[[ Records, beginning ]]
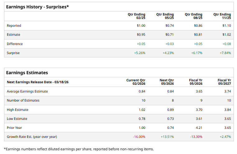 With a market cap of $23.5 billion, General Mills, Inc. (GIS) is a leading global packaged foods company best known for its iconic brands like Cheerios, Pillsbury, Betty Crocker, Häagen-Dazs, Blue Buffalo, and Nature Valley. Headquartered in Minneapolis, Minnesota, the company operates across North America and international markets, offering a wide portfolio of cereals, snacks, yogurt, baking products, frozen meals, pet food, and more. The company is slated to announce its fiscal Q3 2026 earnings results soon.
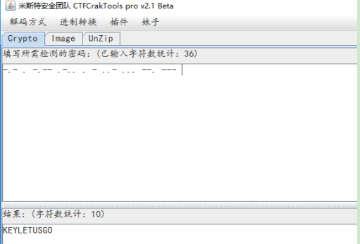 将音频听到的声音,按照摩斯电码的规律记录下来“-.- . -.-- .-.. . - ..- ... --. --- ”,用CTFCrackTools工具进行转换得到一串字符“KEYLETUSGO”
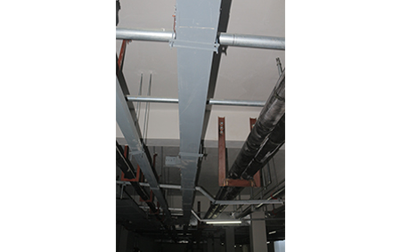 1.一般情况下不在施工现场制作桥架。由于特殊原因必需时,可利用现有的桥架改制非标准弯通和变径直通。改制和切断直线段桥架时,均不得用气、电焊切割,应用专用切割工具。改制的桥架必须平整,及时补漆,面漆颜色应与其它桥架相近。因为新建建筑物里,桥架安装一般都在混凝土结构工程完成数月甚至一年之后进行,混凝土收缩逐渐减小。伸缩量一般不会超过建筑物伸缩缝宽L。
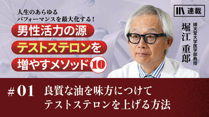 なぜテストステロンは男性にとって大事なのか? 簡単にコントロールできる方法はあるのか? 第1話では、テストステロンの正体と、テストステロンをコントロールする最も簡単な「食事法」をご紹介します。「油」の摂り方を意識すれば、テストステロンが増えて、力がみなぎるようになります。テストステロンをコントロールするための「良い油」と「悪い油」の見分け方とは――。
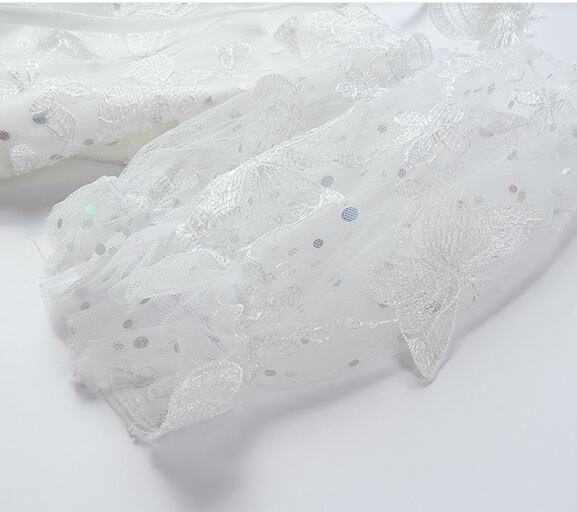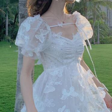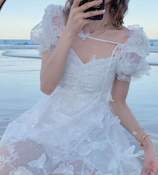 胸元のストラップや蝶のワンポイントが甘さを添えつつも、大人可愛い印象に仕上げてくれる軽やかな一着。お呼ばれやパーティー、誕生日のお出かけなど、特別な日に“主役級”の存在感を放つドレスです。ホワイトの清楚なカラーが夏の陽射しに映え、写真映えもばっちりです。
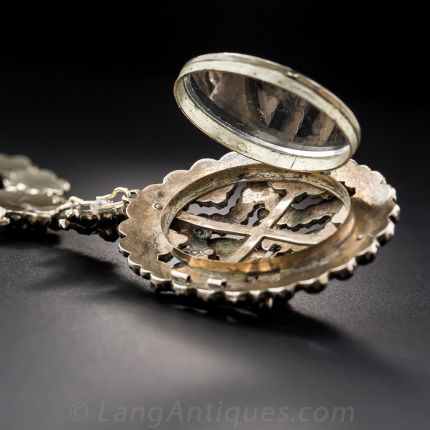 We don't see many Bohemian locket necklaces, and this one is exemplary. A glittering six-sided star overlays a large (1 5/8 by 1 1/4 inches) oval pendant equipped in the back with an open glass-covered display section. The locket suspends from a fancy bale leading to a 16 inch necklace composed all around of flower-shaped links. The entire pendant necklace glistens and glows with tightly pavéd, faceted red garnets. An enchanting adornment by way of turn-of-the-century Czechoslovakia (aka Bohemia). Crafted in gilded metal.
[[ Records, end ]]
Activity: Repeat exactly, please: transcribe each entry and leave out the pictures.

Result of this task:
 With a market cap of $23.5 billion, General Mills, Inc. (GIS) is a leading global packaged foods company best known for its iconic brands like Cheerios, Pillsbury, Betty Crocker, Häagen-Dazs, Blue Buffalo, and Nature Valley. Headquartered in Minneapolis, Minnesota, the company operates across North America and international markets, offering a wide portfolio of cereals, snacks, yogurt, baking products, frozen meals, pet food, and more. The company is slated to announce its fiscal Q3 2026 earnings results soon.
 将音频听到的声音,按照摩斯电码的规律记录下来“-.- . -.-- .-.. . - ..- ... --. --- ”,用CTFCrackTools工具进行转换得到一串字符“KEYLETUSGO”
 1.一般情况下不在施工现场制作桥架。由于特殊原因必需时,可利用现有的桥架改制非标准弯通和变径直通。改制和切断直线段桥架时,均不得用气、电焊切割,应用专用切割工具。改制的桥架必须平整,及时补漆,面漆颜色应与其它桥架相近。因为新建建筑物里,桥架安装一般都在混凝土结构工程完成数月甚至一年之后进行,混凝土收缩逐渐减小。伸缩量一般不会超过建筑物伸缩缝宽L。
 なぜテストステロンは男性にとって大事なのか? 簡単にコントロールできる方法はあるのか? 第1話では、テストステロンの正体と、テストステロンをコントロールする最も簡単な「食事法」をご紹介します。「油」の摂り方を意識すれば、テストステロンが増えて、力がみなぎるようになります。テストステロンをコントロールするための「良い油」と「悪い油」の見分け方とは――。
 胸元のストラップや蝶のワンポイントが甘さを添えつつも、大人可愛い印象に仕上げてくれる軽やかな一着。お呼ばれやパーティー、誕生日のお出かけなど、特別な日に“主役級”の存在感を放つドレスです。ホワイトの清楚なカラーが夏の陽射しに映え、写真映えもばっちりです。
 We don't see many Bohemian locket necklaces, and this one is exemplary. A glittering six-sided star overlays a large (1 5/8 by 1 1/4 inches) oval pendant equipped in the back with an open glass-covered display section. The locket suspends from a fancy bale leading to a 16 inch necklace composed all around of flower-shaped links. The entire pendant necklace glistens and glows with tightly pavéd, faceted red garnets. An enchanting adornment by way of turn-of-the-century Czechoslovakia (aka Bohemia). Crafted in gilded metal.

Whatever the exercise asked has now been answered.